Recently, text-to-3D generation has attracted significant attention, resulting in notable performance enhancements. Previous methods utilize end-to-end 3D generation models to initialize 3D Gaussians, multi-view diffusion models to enforce multi-view consistency, and text-to-image diffusion models to refine details with score distillation algorithms. However, these methods exhibit two limitations. Firstly, they encounter conflicts in generation directions since different models aim to produce diverse 3D assets. Secondly, the issue of over-saturation in score distillation has not been thoroughly investigated and solved. To address these limitations, we propose PlacidDreamer, a text-to-3D framework that harmonizes initialization, multi-view generation, and text-conditioned generation with a single multi-view diffusion model, while simultaneously employing a novel score distillation algorithm to achieve balanced saturation. To unify the generation direction, we introduce the Latent-Plane module, a training-friendly plug-in extension that enables multi-view diffusion models to provide fast geometry reconstruction for initialization and enhanced multi-view images to personalize the text-to-image diffusion model. To address the over-saturation problem, we propose to view score distillation as a multi-objective optimization problem and introduce the Balanced Score Distillation algorithm, which offers a Pareto Optimal solution that achieves both rich details and balanced saturation. Extensive experiments validate the outstanding capabilities of our PlacidDreamer.

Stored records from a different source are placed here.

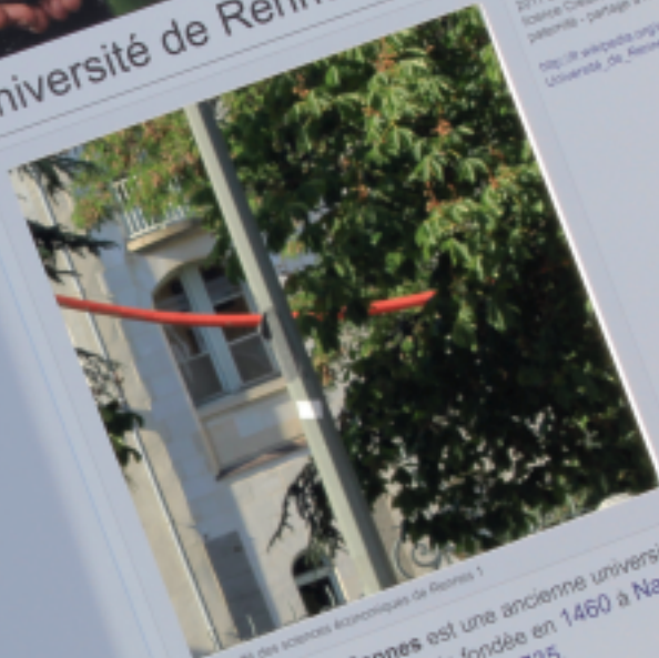
La Faculté des sciences économiques de Rennes 1

Version de l'article du 16 avril 2011 à 01:16, disponible sous licence Creative Commons - paternite - partage à l'identique http://fr.wikipedia.org/wiki/Université_de_Rennes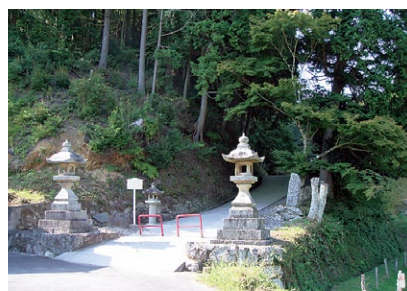
▲ 大神宮社 社殿は1754年に修築したもの。10月に秋祭、12月に新嘗祭などが行われます。境内には本宮のほか、巖島神社や弁財天宮などもあります。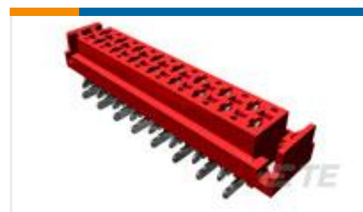
TE 产品编号8-338069-0 MICRO-MATCH SMD FTE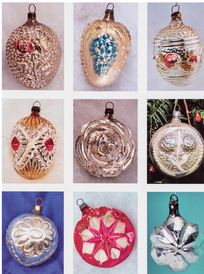
Kugler i alle former Lauscha 1910-1940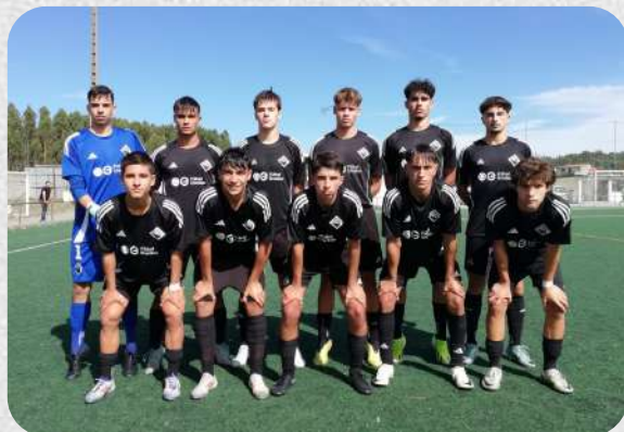
GD Pelariga - Académica (II Divisão Nacional Sub-19)

Durante o mês de setembro, os nossos Sub-19 realizaram dois jogos, a contar para a primeira fase da II Divisão Nacional, tendo obtido 2 vitórias!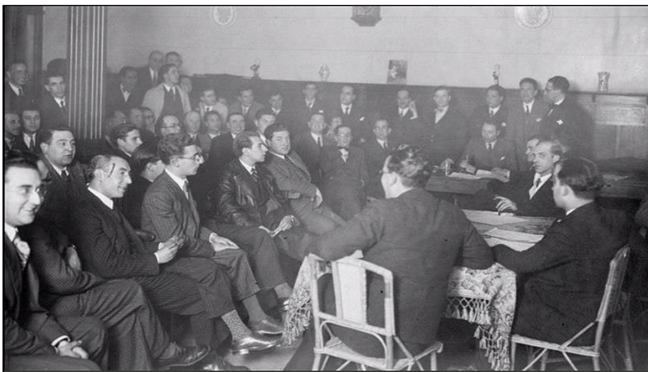
Ilustración 2. Fundación do Partido Galeguista en 1931

Formado en Pontevedra nunha reunión na que estiveron 80 representantes dos diferentes movementos nacionalistas de Galicia, e onde estiveron persoeiros como Castelao ou Otero Pedrayo que xa eran deputados en Cortes, na súa fundación redactouse un programa no que destacaban puntos como a concepción da nación como algo natural froito da historia, no sentido orgánico-historicista; a identificación da nación co rural (tendo unha idea pexorativa do espazo urbano como opresor do rural); a defensa da cooficialidade do galego co castelán ou o dereito de extinción e expropiación das rendas forais que quedaban.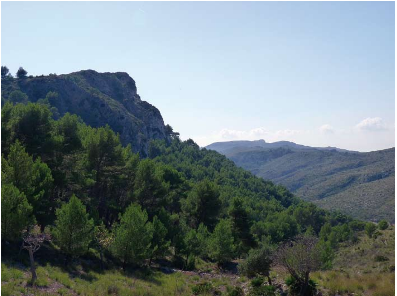
Puig des Corb

Travessam el Campament i iniciam la caminada pel tirany que s'allunya d'aquí en direcció sud-est. Passat el tancat que envolta el conjunt de runes, hi trobam un aljub i unes piques, que també emprava la colònia penitenciària. Poc després veim una darrera caseta i el traçat senyalitzat ens condueix a l'esquerra, deixant a la nostra esquena el puig des Corb.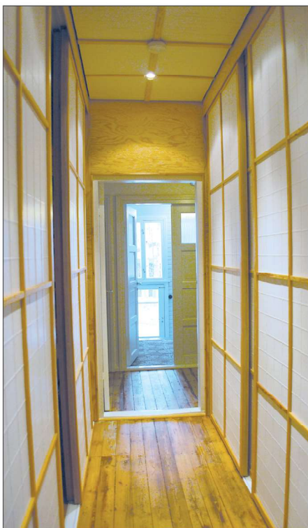
Vaatekomeroiden välisessä käytävässä voi aistia japanilaista henkeä.

- Kukaan ei ole laskenut tarvittua työn määrää. Suunnit-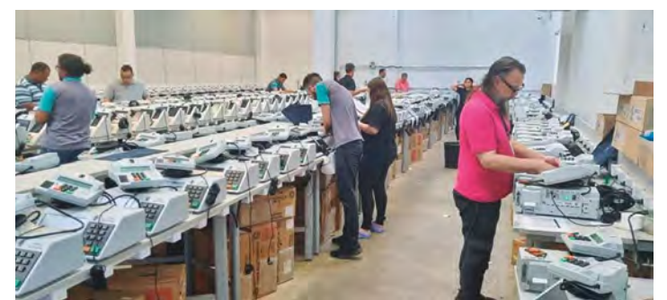
Em 213 cidades, 628 locais de votação contam com 2.787 urnas

Assim que forem feitos a carga e lacre, as urnas serão transportadas pelo TRE do Depósito Central de Goiânia aos cartórios eleitorais entre 18 e 22 deste mês. Os conselhos retirarão as urnas prontas entre os dias 25 e 29. A devolução, no mesmo cartório, poderá ser feita até o dia 3 de outubro. A Secretaria de Tecnologia da Informação (STI) e a CSEL darão suporte aos conselhos na véspera e no dia das eleições.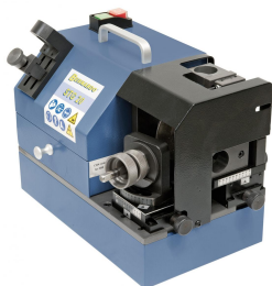
Schleifen der Anschnittlänge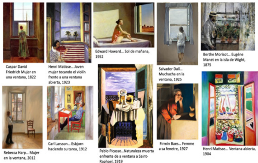
Ilustración 2 La ventana como obra de arte. A lo largo de la historia de la humanidad, el vano ha representado un lugar de encuentro del mirar, del contemplar, del estar... una estructuración de narrativas. Elaboración propia con base en fotografías recuperadas del buscador google.

que en tanto contenido denotativo muy fugaz y conciso, se aborda mediante cuestionamientos explosivos y claro disruptivos, acerca de todos aquellos significados que transmite el vano y qué tan susceptible es a la interpretación dentro del quehacer arquitectónico: ¿Por qué la ventana? ¿Qué implica su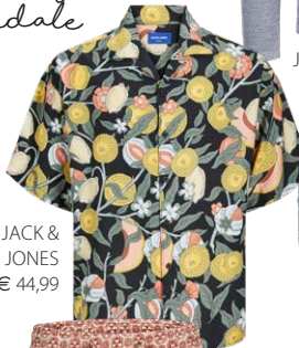
JACK &amp; JONES € 44,99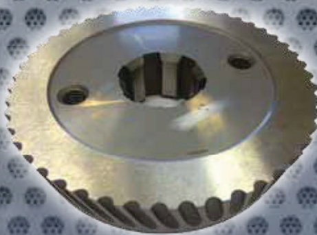
Art. Nr. 2135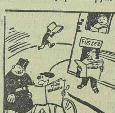
Akár jobbra, akár balra, bárhová is nézel, Tolnait olvassák nagy érdeklődéssel.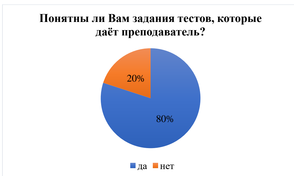
Рисунок 3 – Понятны ли Вам задания тестов, которые даёт преподаватель?

Ответы студентов распределились таким образом (рисунок 3).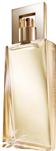
17753 Парфюмерная вода Avon Attraction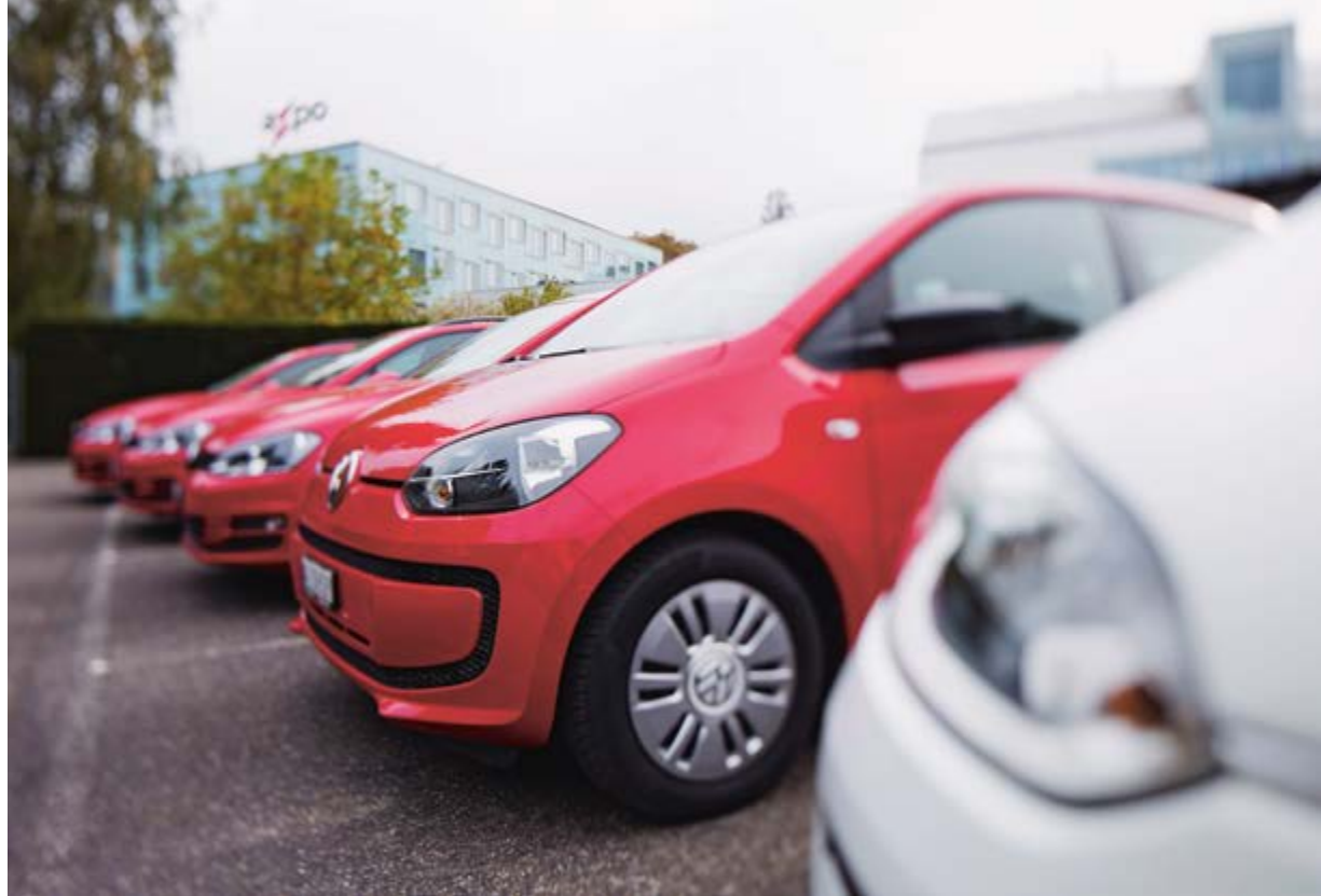
Axpo mise sur différents modes d'autopartage au quotidien.

近期,文本到3D生成技术引起了广泛关注,并取得了显著的性能提升。先前的方法使用端到端的3D生成模型来初始化3D高斯基元,利用多视图扩散模型来保持多视图一致性,并应用文本到图像扩散模型配合分数蒸馏算法来细化细节。然而,这些方法存在两个局限性。首先,由于不同模型旨在生成多样化的3D资产,它们在生成方向上存在冲突。其次,分数蒸馏中的过饱和问题尚未得到充分研究和解决。为了解决这些局限性,我们提出了PlacidDreamer,这是一个文本到3D的框架,它通过单一的多视图扩散模型协调初始化、多视图生成和文本条件生成,同时采用新颖的分数蒸馏算法来实现均衡的饱和度。为了统一生成方向,我们引入了Latent-Plane模块,这是一个易于训练的插件式扩展,使多视图扩散模型能够为初始化提供快速的几何重建,并生成增强的多视图图像来个性化文本到图像扩散模型。为了解决过饱和问题,我们将分数蒸馏视为多目标优化问题,并提出了均衡分数蒸馏算法,该算法提供了帕累托最优解,既能实现丰富的细节,又能保持均衡的饱和度。大量实验验证了我们的PlacidDreamer具有出色的能力。